В их избранной школе в тихом центре – лучшем харьковском районе – она была лучшей ученицей всех времён. Вообще-то все девчонки в их классе были ученицы как на подбор, хотя никто их, разумеется, не подбирал, и нельзя сказать, что они были хуже Клары, просто она – ещё лучше. Предстоящие тринадцать экзаменов, даже наводящая на остальных свирепый ужас геометрия, были для неё не грецкими орехами, а довоенными орешками в шоколаде. В тетрадях у неё не было не то что кляксы – Клару Стольберг и кляксы не смогла бы совместить и бесстрашная фантазия Жюля Верна, – там не было даже позволившей облегчённо вздохнуть постороннему наблюдателю помарки. Одни мягкие буквы с лёгким наклоном влево, как будто лошадей умело и вовремя придержали на скаку.

Только однажды и на старуху вышла проруха, и старухой этой оказалась совсем ещё не старуха, а навсегда оставшаяся в бальзаковском возрасте преподавательница русского языка и литературы, утончённая аристократка в безнадёжно забронированном платье и в пресекающем даже мысль о несложности отношений пенсне, по имени Елена Филипповна Райская. Училась она – в той ещё жизни – в пансионе благородных девиц и была явно и исключительно благородной девицей, поэтому девушки называли её «Девица как роза». Суровость взглядов Девицы как розы и строгость её взгляда сквозь пенсне сравнимы были разве что с сухостью и строгостью тихо обожаемой всеми геометрии, но её, тем не менее, обожали по-настоящему, хотя тоже тихо.

«Язык, – говаривала Девица, – это не просто «что», а ещё и «как», – и оба они, и «что», и «как» – одинаково важны. Поэтому давайте учиться и тому, и другому в равной степени.

И вот – в день упомянутой выше прорухи – она вызвала Клару к доске отвечать домашнее задание – что-то о Маяковском, которого Клара не возражала считать лучшим и талантливейшим поэтом эпохи.

– Стольберг, – с тайным, сдержанным удовольствием промолвила Девица как роза, нежно грассируя и невольно подтверждая тем самым своё нескрываемое происхождение, – попрошу Вас к доске.

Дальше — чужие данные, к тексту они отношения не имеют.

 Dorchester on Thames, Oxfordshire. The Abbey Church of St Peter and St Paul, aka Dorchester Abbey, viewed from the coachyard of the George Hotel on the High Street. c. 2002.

Лучшая ученица вышла, поправила чёрный фартук на коричневом платье с двумя белыми горошинами на груди и стала рассказывать о «Клопе». Но в голове у Клары крутилась вчерашняя кинокомедия, которую она ходила смотреть в кинотеатр Жданова с очередным безнадёжно в неё влюблённым, и она – неожиданно даже для самой себя, не говоря уже об остальных девушках, – но главное – всё-таки для самой себя, – сказала – по теме, но кошмарно:

– д оговор.

Лепестки сдуло с розы, соловей поперхнулся и умолк, шипы скукожились. Девица как роза на мгновение напомнила увядший бутон – потрясённая, унижённая и оскорблённая в лучшем из чувств. Негодующе приподняв пенсне растерянно дрожащими пальцами и страшно взглянув на Клару, она произнесла, грассируя так, как, наверно, грассировал маршал Ней, бледнея перед Бородиным и Кутузовым:

– Стольбегг!?…

Нет, так:

– Стольбехг!?…

– А ещё, – продолжала Клара, покрывшись отражающей её состояние пунцовостью, но не делая роковой паузы, – а ещё он говорил: «Я вас пон ял, коварная!..» У большого писателя речь персонажа всегда выдаёт его происхождение.

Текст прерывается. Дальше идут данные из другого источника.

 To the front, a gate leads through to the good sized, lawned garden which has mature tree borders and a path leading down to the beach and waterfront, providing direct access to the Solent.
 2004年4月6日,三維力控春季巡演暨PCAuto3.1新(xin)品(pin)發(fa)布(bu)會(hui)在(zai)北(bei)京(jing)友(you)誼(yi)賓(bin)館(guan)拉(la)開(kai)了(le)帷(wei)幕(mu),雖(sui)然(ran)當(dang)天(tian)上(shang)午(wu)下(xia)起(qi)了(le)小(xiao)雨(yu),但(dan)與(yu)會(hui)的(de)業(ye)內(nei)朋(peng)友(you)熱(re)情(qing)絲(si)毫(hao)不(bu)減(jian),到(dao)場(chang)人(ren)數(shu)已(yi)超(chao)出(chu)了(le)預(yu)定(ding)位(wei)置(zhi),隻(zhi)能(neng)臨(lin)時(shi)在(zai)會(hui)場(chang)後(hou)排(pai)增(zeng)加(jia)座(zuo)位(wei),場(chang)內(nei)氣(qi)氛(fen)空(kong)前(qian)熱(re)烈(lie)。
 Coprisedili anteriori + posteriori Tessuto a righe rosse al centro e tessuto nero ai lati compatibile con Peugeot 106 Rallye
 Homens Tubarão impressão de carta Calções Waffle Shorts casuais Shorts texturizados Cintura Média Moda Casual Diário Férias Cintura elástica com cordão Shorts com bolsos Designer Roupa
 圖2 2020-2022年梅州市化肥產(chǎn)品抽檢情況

– Чем же вам не нравится происхождение Маяковского? – затрепетала Девица как роза.

– Я имею в виду персонаж, – гордо ответила Клара, и румянец, как, наверно, у судорожно сжимающего древко флага князя Болконского на поле брани под Аустерлицем, заиграл на её щеках, как раз над ямочками.

И она почувствовала себя маршалом, проигравшим битву, но выигравшим кампанию.

XV

В сорок пятом весна оказалась даже роскошнее, чем до войны. Началась она ещё 8 Марта, когда Клару поздравили, кажется, все ученики мужских классов. Кларе было смешно от обилия влюблённых в неё брюнетов, блондинов, шатенов, рыжих, высоких, маленьких, толстых и тонких. Все как один они краснели, заикались и бледнели, не в силах больше секунды удержать дрожащий взгляд на её румянце и ямочках, не говоря уже (попробовали бы!) о чём-то другом.

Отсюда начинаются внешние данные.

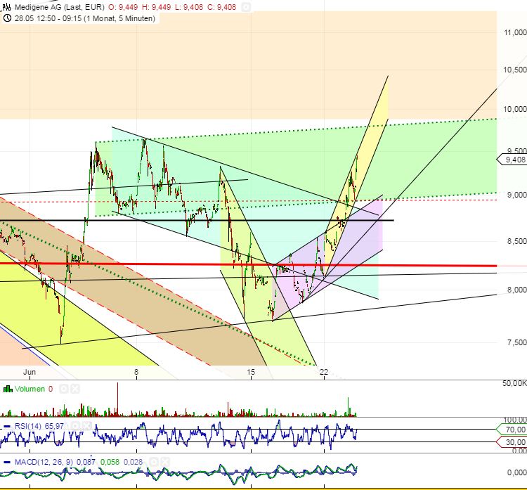 Der Bezugspreis je neuer Aktie wird voraussichtlich am 26. Juni 2015 unter Berücksichtigung des volumengewichteten Durchschnittskurses (VWAP) der Medigene AG im elektronischen Handelssystem XETRA der Frankfurter Wertpapierbörse vom Beginn der Bezugsfrist bis zum Handelsschluss des 25. Juni 2015 abzüglich eines möglichen und noch festzusetzenden Abschlags festgelegt. Der maximale Bezugspreis wird EUR 9,50 betragen und berücksichtigt damit den VWAP der letzten 30 Handelstage vor der heutigen Bekanntmachung. Der endgültige Bezugspreis wird voraussichtlich am 26. Juni 2015 im Bundesanzeiger und auf der Internetseite der Medigene AG (www.medigene.de) veröffentlicht. Die im Rahmen des Bezugsangebots nicht bezogenen Aktien werden im Rahmen von Privatplatzierungen Investoren in Europa und den USA zum Erwerb angeboten. Medigene strebt aus der Kapitalerhöhung einen Bruttoemissionserlös in Höhe von ca. EUR 40 Mio. an. Ich denke, dies ist nun für alle verständlich!! |

Восторг слегка тешил самолюбие, но не был ей очень уж необходим, как и первый и пока последний поцелуй, который она инициировала в седьмом классе для рекогносцировки и обретения базового опыта. Из всех мужчин ей нравился только маршал Рокоссовский. Клара знала себе цену, так что новой информации все эти символические трофеи, аккуратно сложенные у её ног, не добавляли. Клара знала, что она не просто красива – просто красива была, скажем, её послевоенная подруга Мила, – да и мало ли просто красивых? Она знала, что уникально красива, красива, как не бывает, а если и бывает, то в порядке даже не исключения, а противоположного правила.

Черты её лица, улыбка, мимика, походка и всё прочее не принадлежали ни какой народности, а были гремучей смесью нескольких. Её внешность была результатом многовековых, нечеловеческих усилий. Этот сложный проект начался на Святой земле, продолжился на Пиренеях, после Колумба развился в нескольких королевствах и царствах и завершился в Харькове, когда Демиург наверняка вытер пот со лба и проговорил, тяжело вздыхая, «Уф, не могу больше». Он поскромничал: проект был завершён не из-за того, что автор устал, а потому, что цель была достигнута.

В Клару влюблялись ещё чаще, чем в Марию, и все безнадёжно влюблённые в неё, что само по себе тавтология (в кого же ещё безнадёжно влюбляться?), испытывали к ней даже не безнадёжный страх, а скорее неполноценный ужас. Эти безнадёжно влюблённые знали, что книг, которые она не прочитала, не было, а те, которые будут, она прочитает. Если же не прочитает, то просто потому, что они не заслуживают её внимания. Вопросов, на которые она не могла бы ответить, не было. Вернее, для себя-то она знала, что такие вопросы, к счастью, есть, и их более чем немало, но ответить на них предстояло ей одной, а окружающие вряд ли даже догадывались о наличии этих вопросов, какие уж там ответы.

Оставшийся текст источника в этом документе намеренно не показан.